During our visit everyone sweated and everyone complained, whether Djiboutian or foreigner, resident or visitor. “Yes, the climate is horrible,” says Cpt Camus, “but there’s a French way of living that is good.” There are French cheeses, salamis and wine in the supermarkets, baguettes in the bakeries, cheap childcare at home, decent infrastructure, adapted French laws and, of course, the French language.
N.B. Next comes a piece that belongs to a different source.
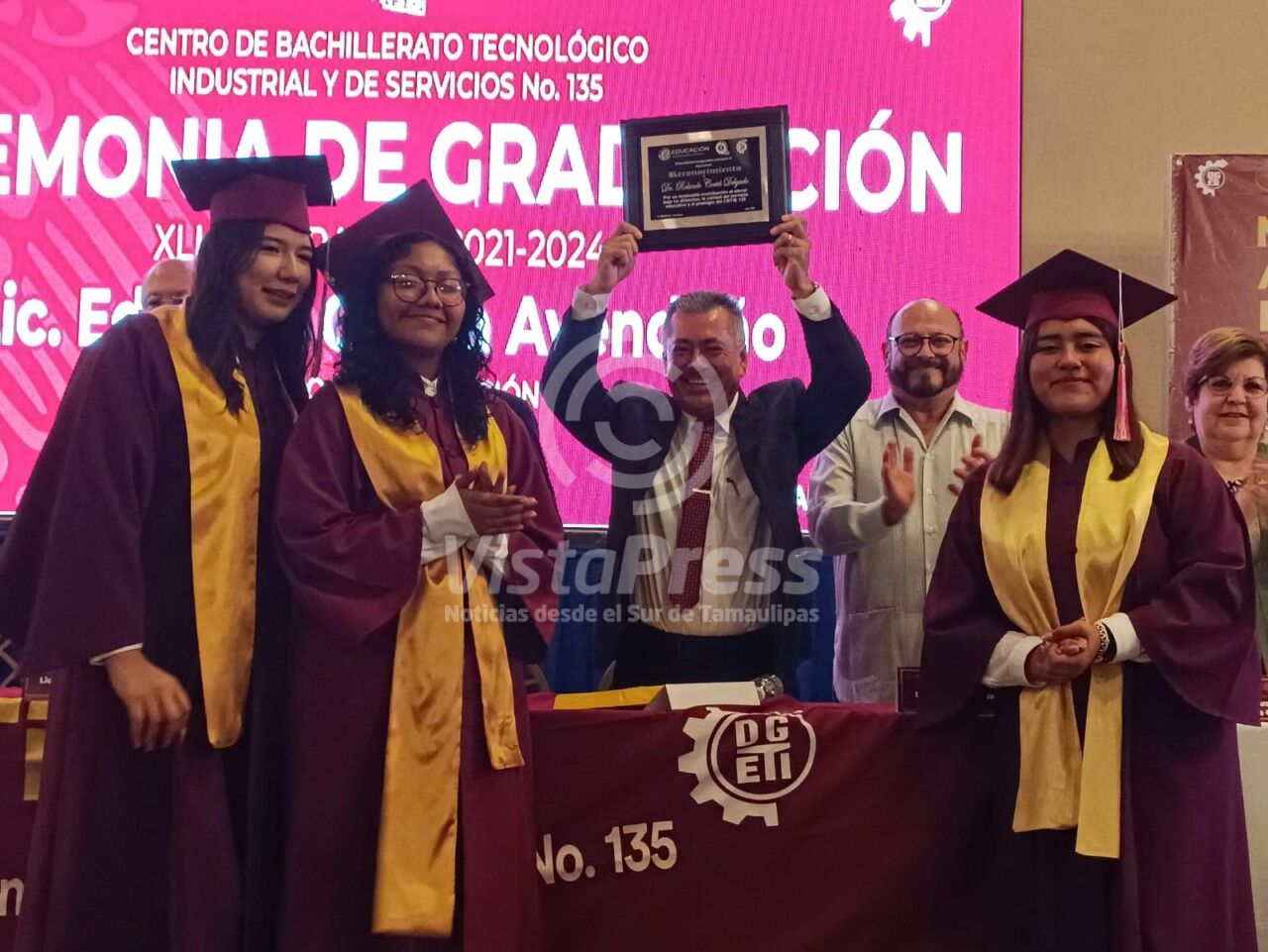 Y en su mensaje a los 921 graduantes, dijo sentirse orgulloso de ellos, «porque a través de sus estudios y grupos de para-escolares, pusieron muy en alto al Cbtis 135, Matamoros y a todo Tamaulipas».

When asked how he is coping with humidity and temperatures above 40c, Japanese airforce captain Masahisa Motomura, commanding officer of the counter-piracy mission’s air-support unit, looks wistful. He sketches a map of Japan and draws a circle on the northern tip of Honshu Island to mark his hometown of Hachinohe. “We get snow in the winter,” he says with a smile. “This Djibouti climate is very hard for us.” Foreign military bases have come to define modern Djibouti and, while they drive money into the economy, there are risks. Some of Djibouti’s more affluent and secular residents detect a hardening of Islamic austerity: those who choose not to fast during Ramadan used to be ignored, now they are subject to muttered complaints and criticism; women who choose not to wear a headscarf are tutted at while increasing numbers, they say, are wearing the face-covering niqab.
In Djibouti this is worrying. Despite income from bases and ports, the tiny population of about 850,000 suffers from yawning inequality and pervasive poverty, conditions that in parts of Africa such as Kenya and Nigeria have allowed militant Islam to flourish. “The government gets money from the Americans, from the French – but it’s not a government for the people and we get nothing,” says Abdirahman, a taxi driver by night and teacher by day, who struggles to make ends meet even working two jobs.
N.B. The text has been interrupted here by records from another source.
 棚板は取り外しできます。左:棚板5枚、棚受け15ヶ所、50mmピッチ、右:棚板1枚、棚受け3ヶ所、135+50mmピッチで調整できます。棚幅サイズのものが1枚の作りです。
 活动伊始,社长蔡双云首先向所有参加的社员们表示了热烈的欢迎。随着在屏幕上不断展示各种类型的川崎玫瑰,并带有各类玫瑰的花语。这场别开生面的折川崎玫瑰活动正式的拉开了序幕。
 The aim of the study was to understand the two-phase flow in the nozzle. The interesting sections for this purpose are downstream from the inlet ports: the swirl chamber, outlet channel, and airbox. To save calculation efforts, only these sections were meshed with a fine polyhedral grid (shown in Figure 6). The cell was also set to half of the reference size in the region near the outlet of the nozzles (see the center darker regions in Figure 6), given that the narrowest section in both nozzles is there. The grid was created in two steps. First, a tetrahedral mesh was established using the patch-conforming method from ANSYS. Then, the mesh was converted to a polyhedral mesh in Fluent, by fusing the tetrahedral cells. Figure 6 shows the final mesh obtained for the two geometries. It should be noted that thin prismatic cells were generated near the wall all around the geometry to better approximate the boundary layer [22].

In May last year two suicide bombers blew themselves up at a restaurant on Place Menelik in the heart of Djibouti’s old town, in the first such attack in the country. Al-Shabaab, an al-Qaeda affiliate based in Somalia and operating in east Africa, said it carried out the attack because Djibouti had sent troops to Somalia as part of a 22,000-strong African Union force.
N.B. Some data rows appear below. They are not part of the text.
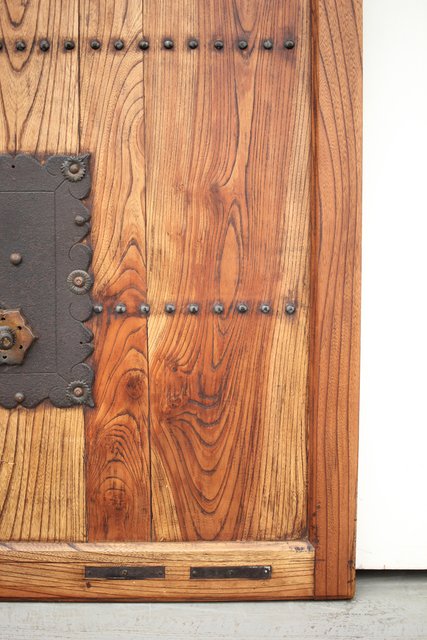 欅の杢目がしっかりと浮き出た美杢の蔵戸
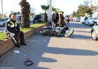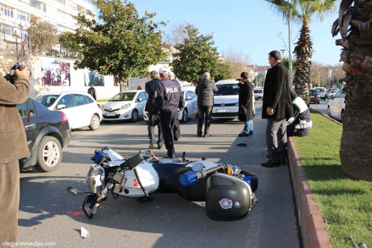MOTORSİKLETLİ POLİSE ÇARPTI
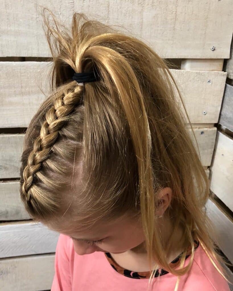 The braid feeds seamlessly into a half-up ponytail secured with a simple black elastic at the crown, where it joins the remaining top section of hair gathered upward in a cheerful, bouncy pouf that adds a playful, youthful energy to the overall style.
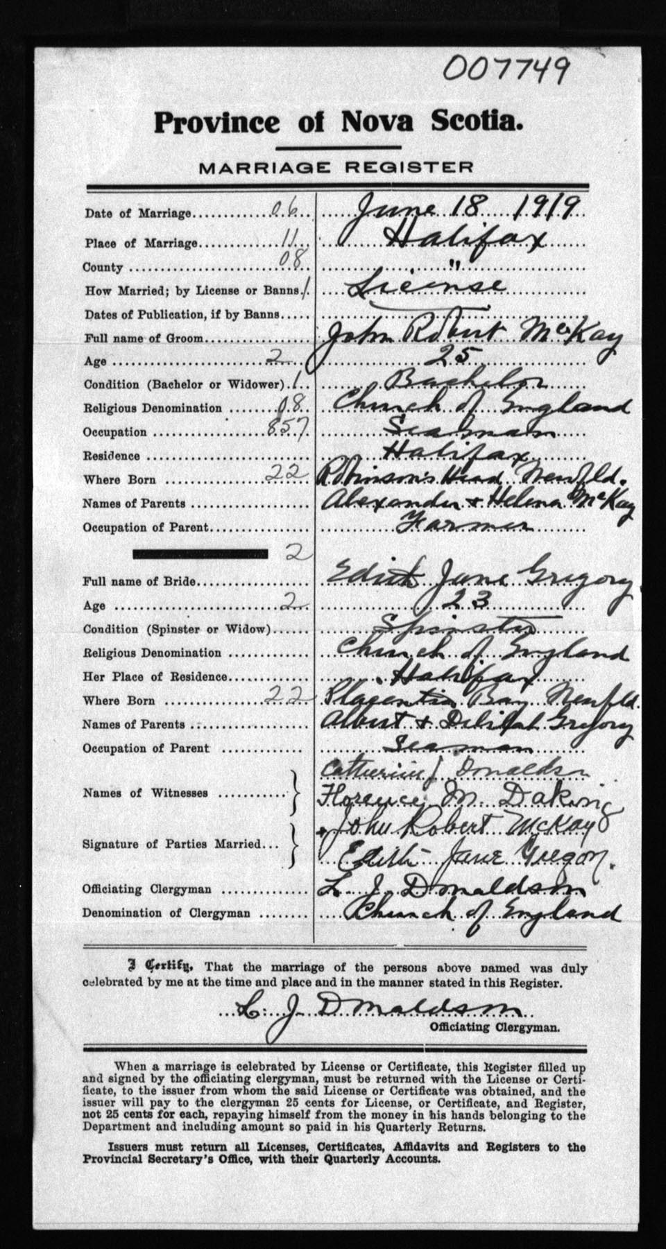 Registration: Year: 1919 number: 7749
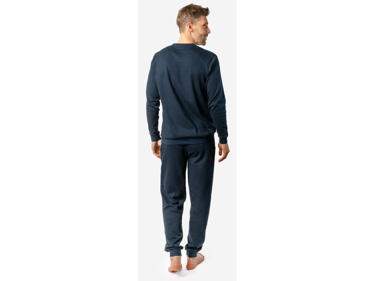 In diesem Schlafanzug fühlen sich Herren so richtig wohl! Die Interlock-Qualität aus Bio-Baumwolle verleiht dem Pyjama eine weiche Haptik. Der GOTS-zertifizierte Zweiteiler hat seitlich Taschen an den Hosen und einen komfortablen Rundhalsausschnitt am Oberteil. Dank elastischem Bund sitzt der Schlafanzug immer perfekt.
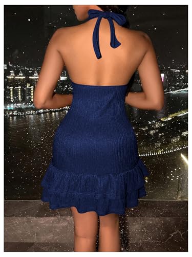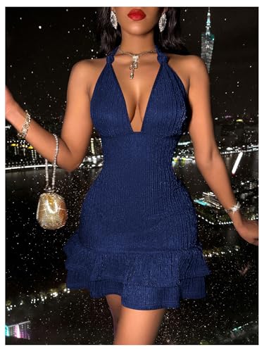 SOLY HUX Women’s Summer Halter Bodycon Mini Dress Sexy Deep V Ruffle Party Cocktail Cami Dresses

The foreign military bases went into lockdown; more than a year later movement remains restricted and cautious. Masahki Awakami, a first lieutenant responsible for personnel and welfare, says the Japanese soldiers are now permitted to visit just six vetted restaurants (the best, he says, is the surf’n’turf Restaurant Bel-Air; there’s no Japanese option in town). His colleague Isuyoshi Yamauchi, a warrant officer responsible for base security, is clear about the risk: “Terrorism is the biggest threat we face here. It’s not like Japan.”